Marc Remacle (Louvain) put together a number of sessions, including the voice feminization session where vocal cord webbing (aka Wendler procedure), cricothyroid approximation (laryngoplasty type IV), laser vocal cord tuning (LAVA is one variant) and feminization laryngoplasty were discussed. Panel members included Marc Remacle (Belgium), Andrea Ricci-Maccarini (Italy), James P. Thomas (US), Antoine Giovanni (France) and Guri Sandhu (UK). Later in the afternoon, at one of those lightly attended evening instructional courses, Ismail Kocak (Turkey) discussed his combination of cricothyroid approximation and laser reduction or tuning glottoplasty. Ahmed Geneid (Finland) also presented their glottoplasty experience. So through a combination of roundtables, instructional courses and lectures it was possible to get a broad, if still incomplete, overview of the evolving art of vocal pitch change. My commendations to Marc who not only ran the entire meeting as president, but put together a number of lectures and roundtables.
Frederick Dikkers (Netherlands) presented some surgical incidence curves for papilloma surgery before and after quadrivalent HPV vaccination. Potentially interesting material, not yet proven, but a hint that vaccination after exposure may still have some benefits.
There is still an awful lot of science "hoping for a positive benefit" on the hoarse voice from antireflux treatment, finding none, but still concluding that "trends point to" or "we just need to test longer". Some studies still lump multiple symptoms (cough, lump, hoarseness, drip) into a single project and find no benefit.
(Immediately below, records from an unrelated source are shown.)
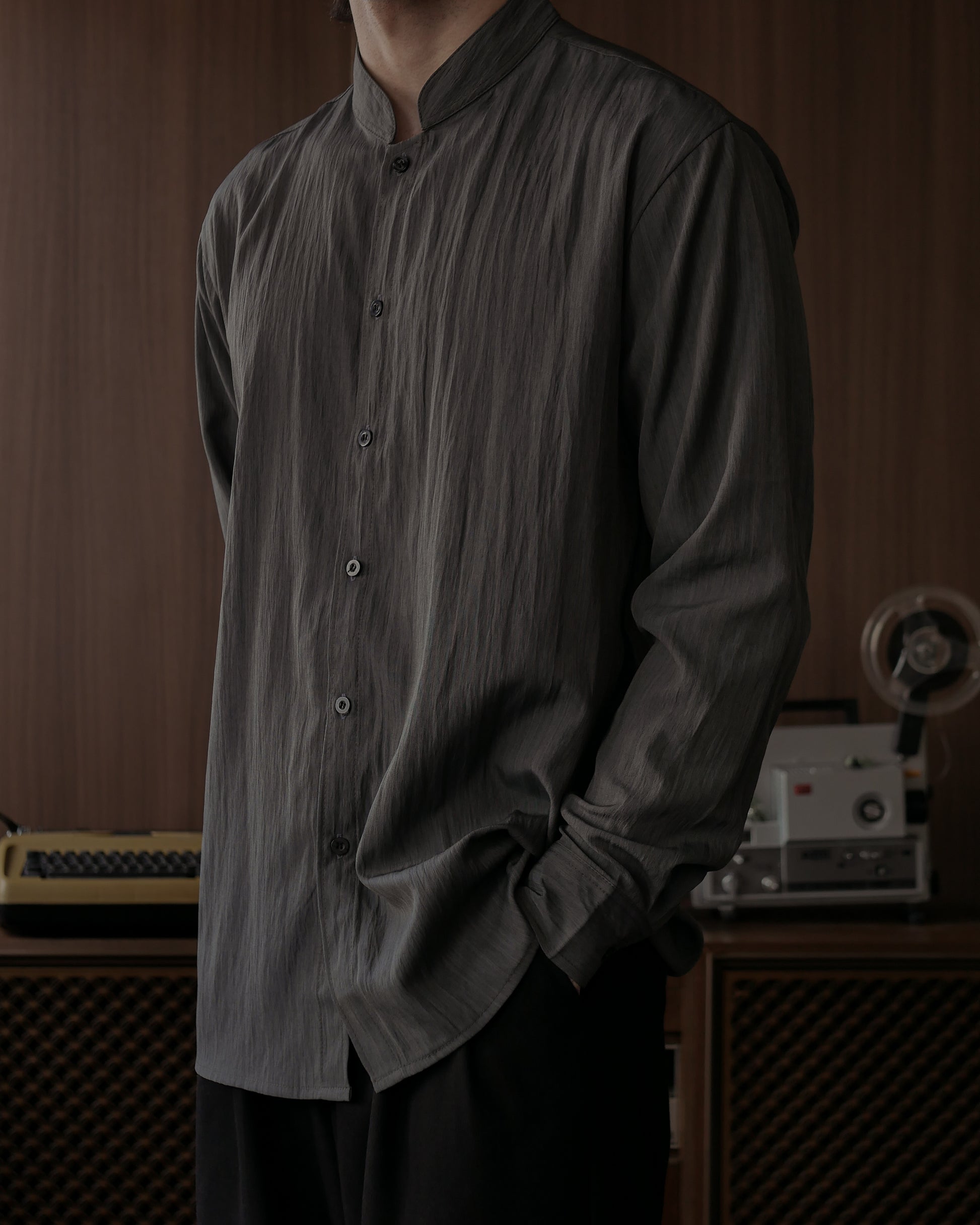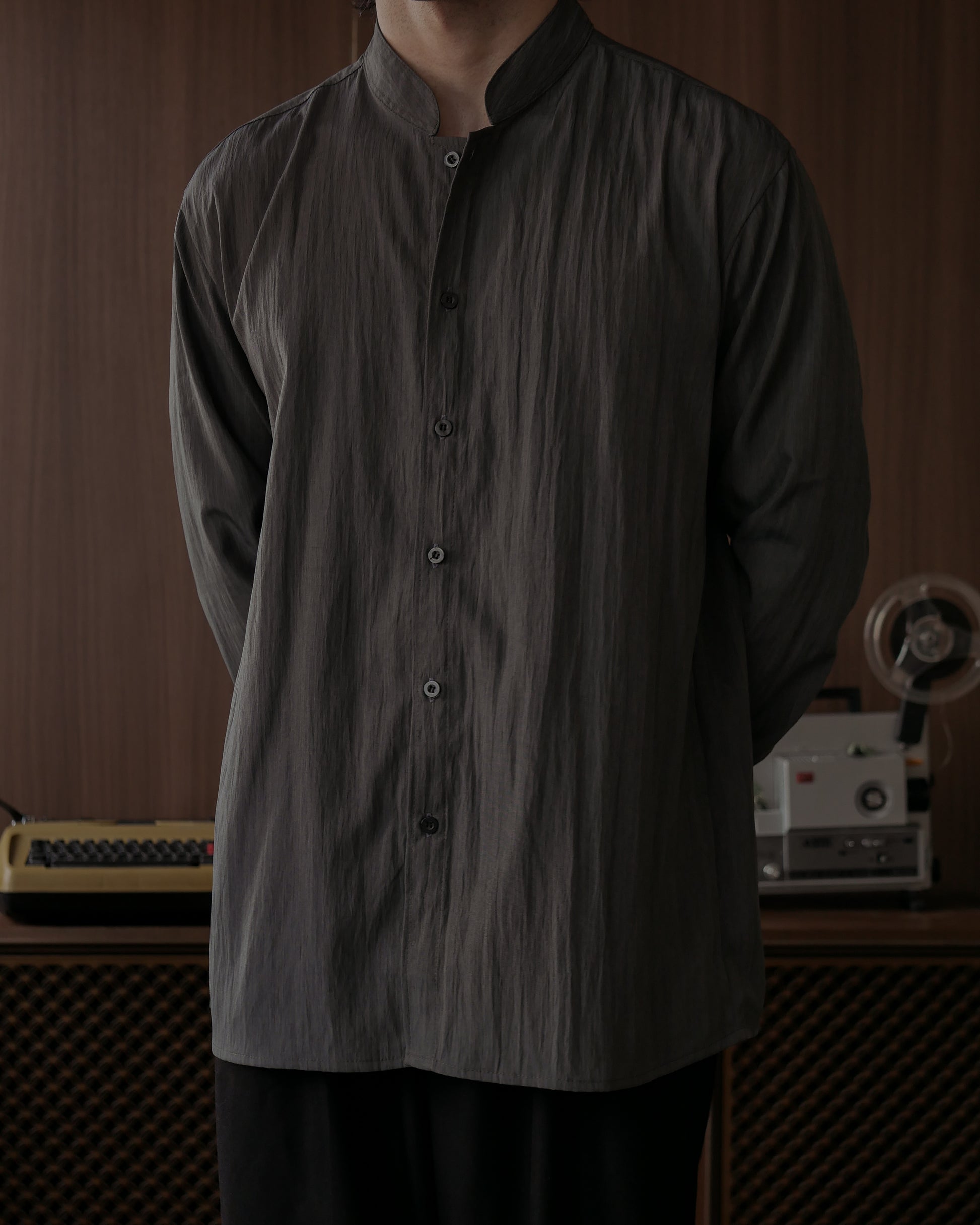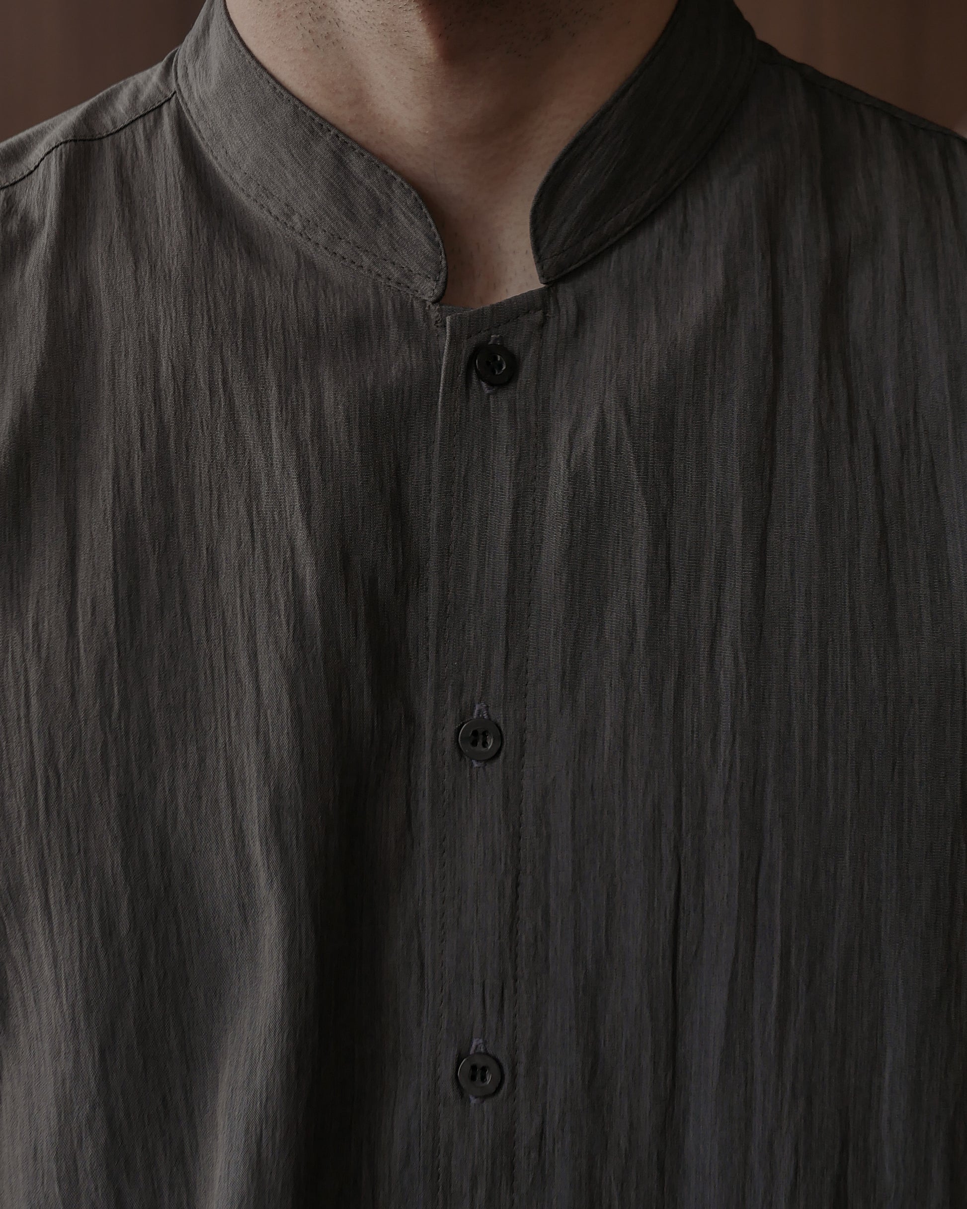 WANG MANDARIN COLLAR SHIRT - CHARCOAL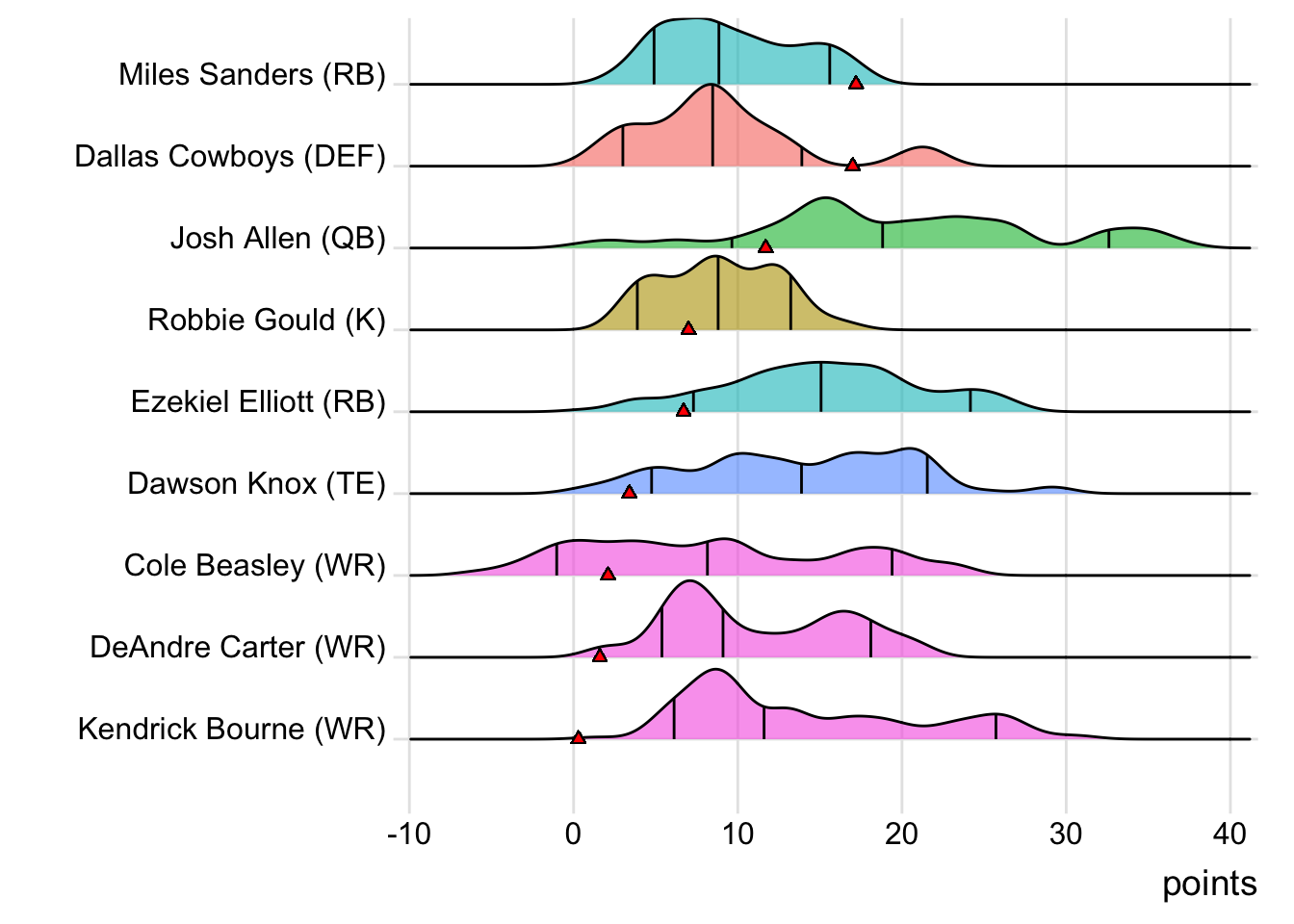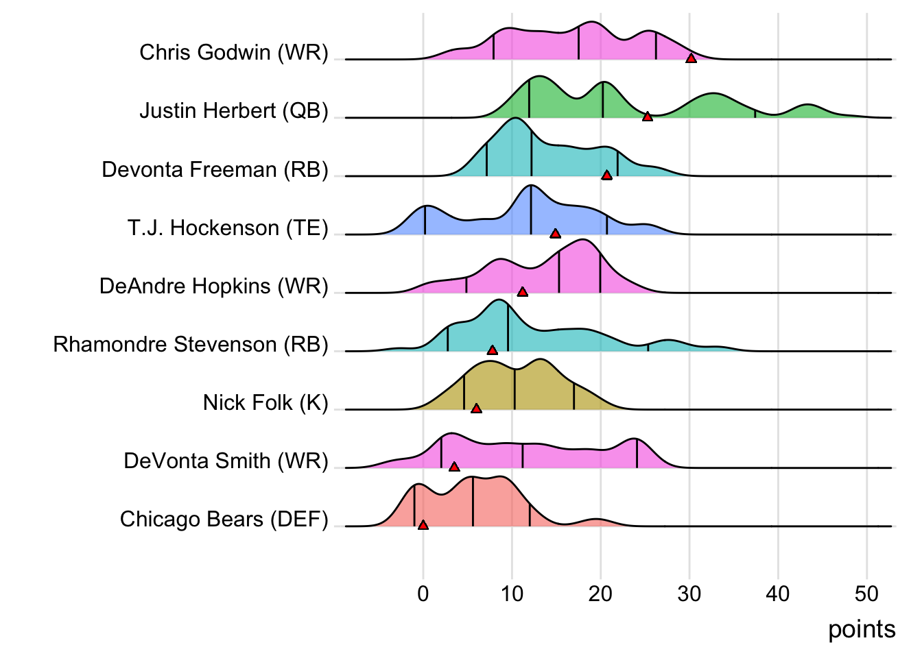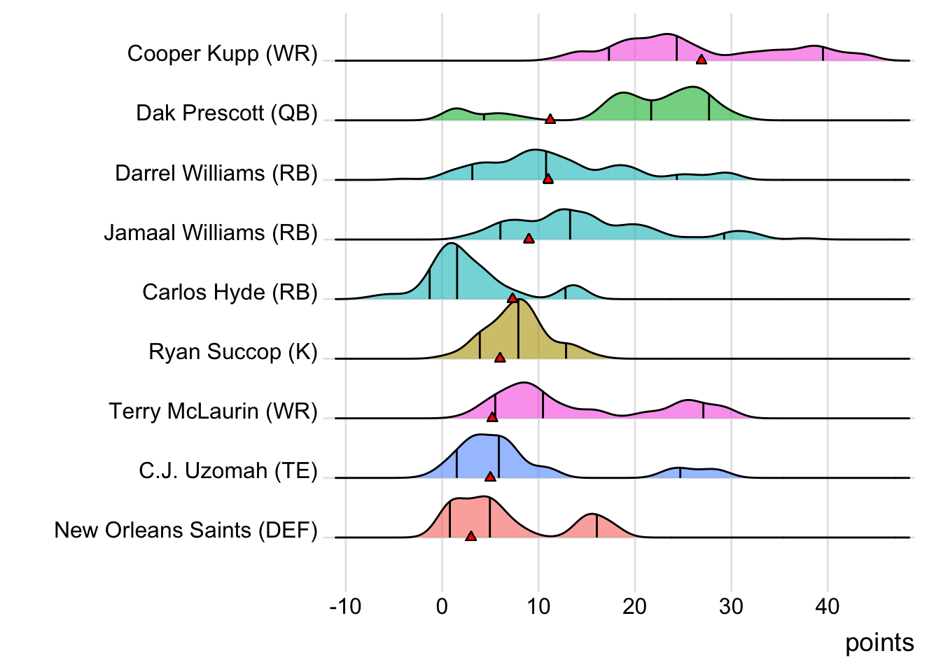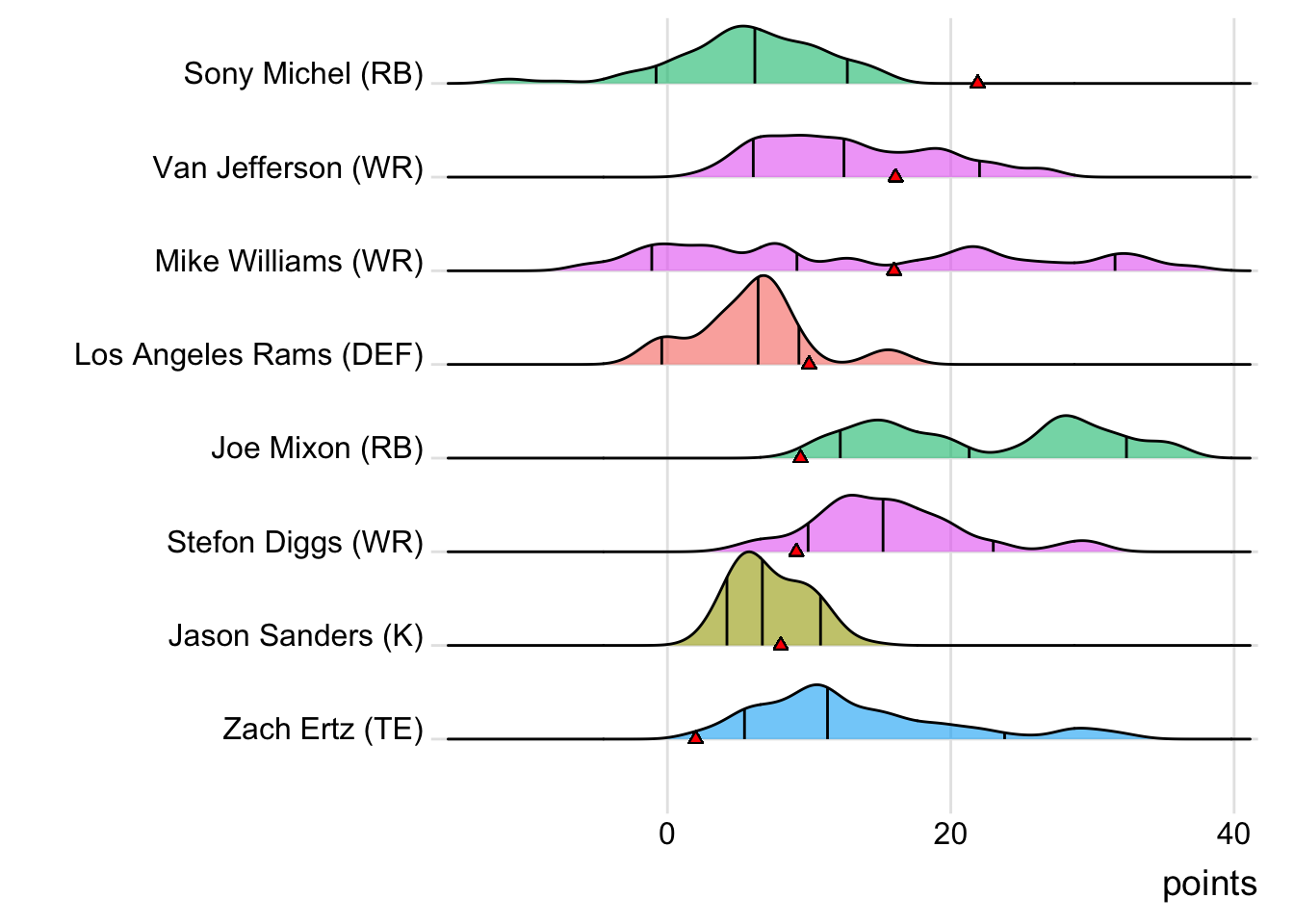 Since Kittle was the leading point-getter for Indaiatuba Riders, it means a different player has now topped the team in each of the past five weeks. With 20.60 points, Marquise Brown paced the squad in Week 9, while Patrick Mahomes put up 36.24 points to lead the way in Week 10. Dalvin Cook (22.50 points) was tops in Week 11 and Leonard Fournette (44.10 points) led in Week 12. It wasn’t all bad news for Limeira Dead Rabbits, as they did field a team of real-life winners. Every starter except Courtland Sutton suited up for an NFL team that won in Week 13. Also, with 19 touches this week for Austin Ekeler, it means that his touches have now increased in three consecutive games.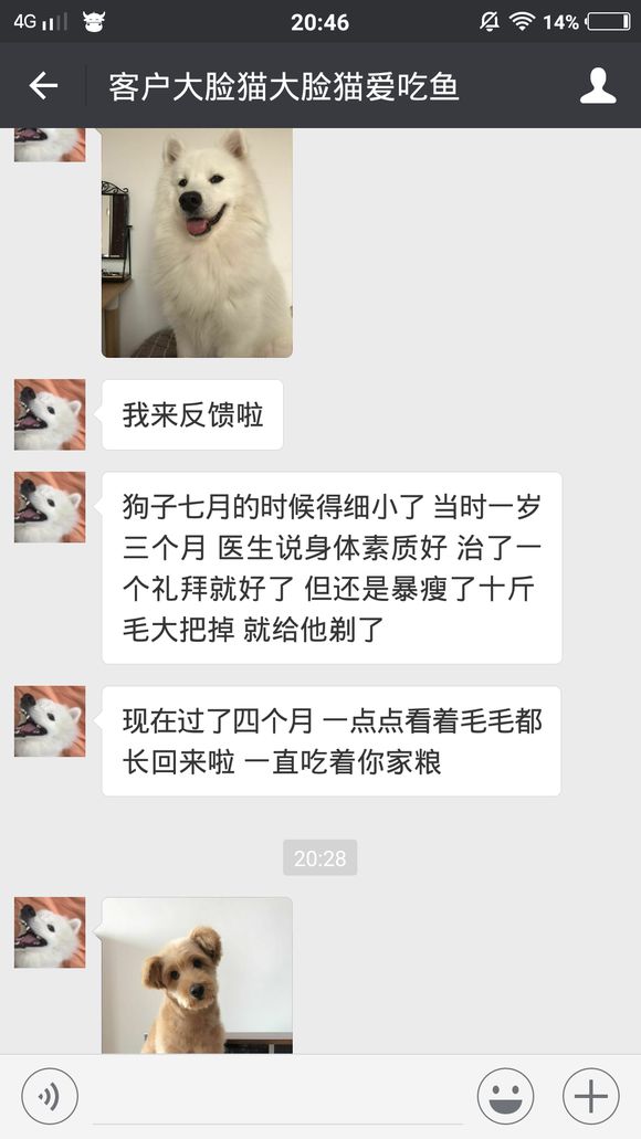 来个美女上图,图片拍的特别好。吃我家狗粮前和吃我家狗粮后对比还是很明显的。看到主人满意就可以了。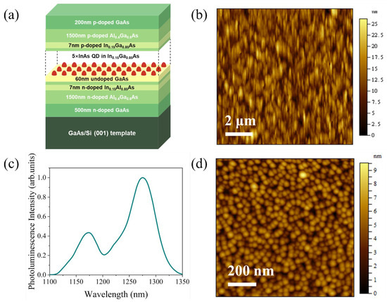 (a) Schematic of the layer structure. (b) AFM image (10 μm × 10 μm) of 1000 nm GaAs buffers grown on on-axis Si (001) substrate with a root mean square roughness of 3.27 nm. (c) Room-temperature photoluminescence spectrum of the QD active region grown on the Si substrate. (d) AFM image (1 μm × 1 μm) of QDs with a density of 5.2 × 1010/cm2.

I was informed there are over 900 indexed articles on reflux laryngitis. Some ideas just survive, despite a lack of evidence.
Several of the exhibitors were kind enough to distribute espresso and other small snacks to fill in the gaps, but really the organizers had plenty of food available at every break. Breaks were frequent throughout the day and these intermissions presented a great chance to chat while moving between rooms. My thanks to Olympus & Cochlear for these little but much appreciated extras. I ate plenty of your biscotti.
Olympus is introducing some exciting new technology. I'm looking forward to 4K video examinations of the larynx which appears to be on the horizon. It is interesting how spread out the quality of endoscopic examinations are now, with high-definition video available, yet much of the laryngology world still using flexible fiber-optic scopes. Karl Storz and XION had some very high quality and cost conscious chip endoscopes for laryngeal exams. The small diameter flexible chip endoscopes by Olympus and XION are small enough that many physicians can maneuver the endoscope quite close to the larynx, even without topical anesthesia. I had the opportunity to see them in use while in Prague.
I will be attending this meeting again in the future.